How to Get Rid of Crows in Your Yard/House?

There are lots of reasons to want to get rid of crows.

Crows dive bomb trash cans and scatter trash in broad daylight.

Crows compete with songbirds at bird feeders and chow down at dog and cat food bowls. Recent studies have found that they are able to communicate their food discoveries to other crows. One crow is quickly followed by dozens.

Crows carry the West Nile virus, and more crows are infected with the West Nile virus when there are sewer overflows. This tells you a little about how they get it.

They carry prions that cause wasting diseases similar to mad cow disease.

It’s true that a family of crows will devour up to 40,000 insects over the three warmest months of summer. Everything about crows isn’t bad. But it’s sensible self-defense to keep crows away from your home.

In this article, we’ll share some of the most effective ways to get rid of crows without killing them. We will start with the one method that always works.

Remove all sources of food and water for crows

When your landscape is overrun by crows, and you are ready to take drastic action, here’s what you do:

Eliminate water sources from your yard.

Eliminate food sources, too.

Make sure Fido and Fluffy are fed indoors, take out any fruit trees and berry bushes, place tight-fitting metal lids on any outdoor trash receptacles, let the birdbath dry out, and drain the swimming pool.

Don’t leave any trash lying around in plastic bags. Crows can easily tear them open.

Cover your garbage. if dogs or raccoons get into your garbage overnight, pick it up right away. Even better, get rid of garbage as fast as you can.

If you do composting, use a compost tumbler. Don’t have an open compost pile on your property. Crows love to pick through to find interesting and tasty peelings, core, and shells.

We previously alluded to the fact that crows will find food in manure. Don’t anything other than completely composted manure to fertilize plants

Is that a little too extreme for you? There aren’t any other methods of crow control that are completely effective, but each of the following methods will at least reduce numbers.

Our next suggestion is a method almost as effective as the first.

Put up bird netting

In theory, bird netting catches birds. In reality, bird netting mostly scares away birds that don’t want to get caught in it.
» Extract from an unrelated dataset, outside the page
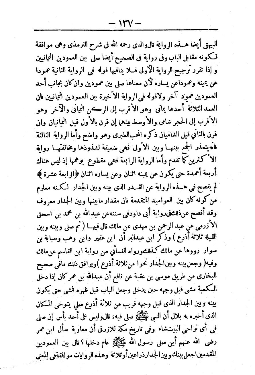 ـــــــــــــــــــــــــــــQالْبَيْهَقِيُّ أَيْضًا هَذِهِ الرِّوَايَةَ قَالَ وَالِدِي - رَحِمَهُ اللَّهُ - فِي شَرْحِ التِّرْمِذِيِّ وَهِيَ مُوَافِقَةٌ لِكَوْنِهِ مُقَابِلَ الْبَابِ وَفِي رِوَايَةٍ فِي الصَّحِيحِ أَيْضًا «صَلَّى بَيْنَ الْعَمُودَيْنِ الْيَمَانِيَيْنِ» وَإِذَا تَقَرَّرَ تَرْجِيحُ الرِّوَايَةِ الْأُولَى فَلَا يُنَافِيهَا قَوْلُهُ فِي الرِّوَايَةِ الثَّانِيَةِ عَمُودًا عَنْ يَمِينِهِ وَعَمُودًا عَنْ يَسَارِهِ لِأَنَّ مَعْنَاهَا صَلَّى بَيْنَ عَمُودَيْنِ وَإِنْ كَانَ بِجَانِبِ أَحَدِ الْعَمُودَيْنِ عَمُودٌ آخَرُ وَلَا قَوْلُهُ فِي الرِّوَايَةِ الْأَخِيرَةِ بَيْنَ الْعَمُودَيْنِ الْيَمَانِيَيْنِ فَإِنَّ الْعُمُدَ الثَّلَاثَةَ أَحَدُهَا يَمَانِيٌّ وَهُوَ الْأَقْرَبُ إلَى الرُّكْنِ الْيَمَانِيِّ وَالْآخَرُ وَهُوَ الْأَقْرَبُ إلَى الْحَجَرِ شَامِيٌّ وَالْأَوْسَطُ بَيْنَهُمَا إنْ قُرِنَ بِالْأَوَّلِ قِيلَ الْيَمَانِيَّانِ وَإِنْ قُرِنَ بِالثَّانِي قِيلَ الشَّامِيَّانِ ذَكَرَهُ الْمُحِبُّ الطَّبَرِيُّ وَهُوَ وَاضِحٌ وَأَمَّا الرِّوَايَةُ الثَّالِثَةُ فَإِنَّهُ يَتَعَذَّرُ الْجَمْعُ بَيْنَهَا وَبَيْنَ الْأُولَى فَهِيَ ضَعِيفَةٌ لِشُذُوذِهَا وَمُخَالَفَتِهَا رِوَايَةَ الْأَكْثَرِينَ كَمَا تَقَدَّمَ وَأَمَّا الرِّوَايَةُ الرَّابِعَةُ فَهِيَ مَقْطُوعٌ بِوَهْمِهَا إذْ لَيْسَ هُنَاكَ أَرْبَعَةُ أَعْمِدَةٍ حَتَّى يَكُونَ عَنْ يَمِينِهِ اثْنَانِ وَعَنْ يَسَارِهِ اثْنَانِ {الرَّابِعَةَ عَشْرَةَ} لَمْ يُفْصِحْ فِي هَذِهِ الرِّوَايَةِ عَنْ الْقَدْرِ الَّذِي بَيْنَهُ وَبَيْنَ الْجِدَارِ لَكِنَّهُ مَعْلُومٌ مِنْ كَوْنِهِ كَانَ بَيْنَ الْعَوَامِيدِ الْمُتَقَدِّمَةِ فَإِنَّ مِقْدَارَ مَا بَيْنَهَا وَبَيْنَ الْجِدَارِ مَعْرُوفٌ وَقَدْ أَفْصَحَ عَنْ ذَلِكَ فِي رِوَايَةِ أَبِي دَاوُد فِي سُنَنِهِ عَنْ عَبْدِ اللَّهِ بْنِ مُحَمَّدِ بْنِ إِسْحَاقَ الْأَزْرَمِيِّ عَنْ عَبْدِ الرَّحْمَنِ بْنِ مَهْدِيٍّ عَنْ مَالِكٍ قَالَ فِيهَا «ثُمَّ صَلَّى وَبَيْنَهُ وَبَيْنَ الْقِبْلَةِ ثَلَاثَةُ أَذْرُعٍ» وَذَكَرَ ابْنُ عَبْدِ الْبَرِّ أَنَّ ابْنَ عُفَيْرٍ وَابْنَ وَهْبٍ وَشَبَّابَةَ بْنَ سَوَّارٍ رَوَوْهَا عَنْ مَالِكٍ كَذَلِكَ وَرَوَاهُ النَّسَائِيّ مِنْ رِوَايَةِ ابْنِ الْقَاسِمِ عَنْ مَالِكٍ وَفِيهِ «وَجَعَلَ بَيْنَهُ وَبَيْنَ الْجِدَارِ نَحْوًا مِنْ ثَلَاثَةِ أَذْرُعٍ» وَيُوَافِقُ ذَلِكَ مَا فِي صَحِيحِ الْبُخَارِيِّ مِنْ طَرِيقِ مُوسَى بْنِ عُقْبَةَ عَنْ نَافِعٍ أَنَّ عَبْدَ اللَّهَ بْنَ عُمَرَ كَانَ إذَا دَخَلَ الْكَعْبَةَ مَشَى قِبَلَ وَجْهِهِ حِينَ يَدْخُلُ وَجَعَلَ الْبَابَ قِبَلَ ظَهْرِهِ فَمَشَى حَتَّى يَكُونَ بَيْنَهُ وَبَيْنَ الْجِدَارِ الَّذِي قِبَلَ وَجْهِهِ قَرِيبٌ مِنْ ثَلَاثَةِ أَذْرُعٍ صَلَّى يَتَوَخَّى الْمَكَانَ الَّذِي أَخْبَرَهُ بِهِ بِلَالٌ أَنَّ النَّبِيَّ - صَلَّى اللَّهُ عَلَيْهِ وَسَلَّمَ - صَلَّى فِيهِ، قَالَ وَلَيْسَ عَلَى أَحَدٍ بَأْسٌ إنْ صَلَّى فِي أَيِّ نَوَاحِي الْبَيْتِ شَاءَ وَفِي تَارِيخِ مَكَّةَ لِلْأَزْرَقِيِّ أَنَّ مُعَاوِيَةَ «سَأَلَ ابْنَ عُمَرَ - رَضِيَ اللَّهُ عَنْهُمْ - أَيْنَ صَلَّى رَسُولُ اللَّهِ - صَلَّى اللَّهُ عَلَيْهِ وَسَلَّمَ - عَامَ دَخَلَهَا؟ قَالَ بَيْنَ الْعَمُودَيْنِ الْمُقَدَّمَيْنِ اجْعَلْ بَيْنَك وَبَيْنَ الْجِدَارِ ذِرَاعَيْنِ أَوْ ثَلَاثَةً» وَهَذِهِ الرِّوَايَاتُ مُوَافِقَةٌ فِي الْمَعْنَى

However, there is a real danger of capturing and injuring smaller birds, like hummingbirds and sparrows.

And birds that find their way through bird netting typically can’t find their way out.

The best way to use bird netting is to protect small areas of small plants, like your vegetable garden, and to use the net that is fine enough to deter crows but has holes large enough to let bees, butterflies, and hummingbirds in and out.

A mesh of 4 inches (10 cm) or smaller will do. Just remember you aren’t using this net to exclude insects. They will still be able to get through the net.

Bird netting wouldn’t be very popular if it required frequent collection of dead birds caught in it.

Some homeowners drape bird netting over the flower beds and vegetable patches they want to protect.

Some people drape bird netting from the eaves of their roof over their patios.

Put up a scarecrow

If you watch horror movies, you’ve seen modern reinterpretations of the traditional scarecrow.

Plastic Owl Scarecrow Sculpture with Rotating Head for Garden Yard Outdoor

The old-timey scarecrow wasn’t really very effective.

It was a crude imitation of a human being with arms outstretched, usually topped with a pointed hat.

It was meant to trick crows into thinking there was a human being stationed in a field ready to do them harm.

There still are scarecrows, but they don’t look anything like the historical version. The twenty-first version of a scarecrow is a decoy predator.

Hang a fake owl to scare crows in your yard.

You can find them in sporting goods stores and online. Move it around frequently, at least every day, so crows don’t use their superior intelligence to deduce that it is fake.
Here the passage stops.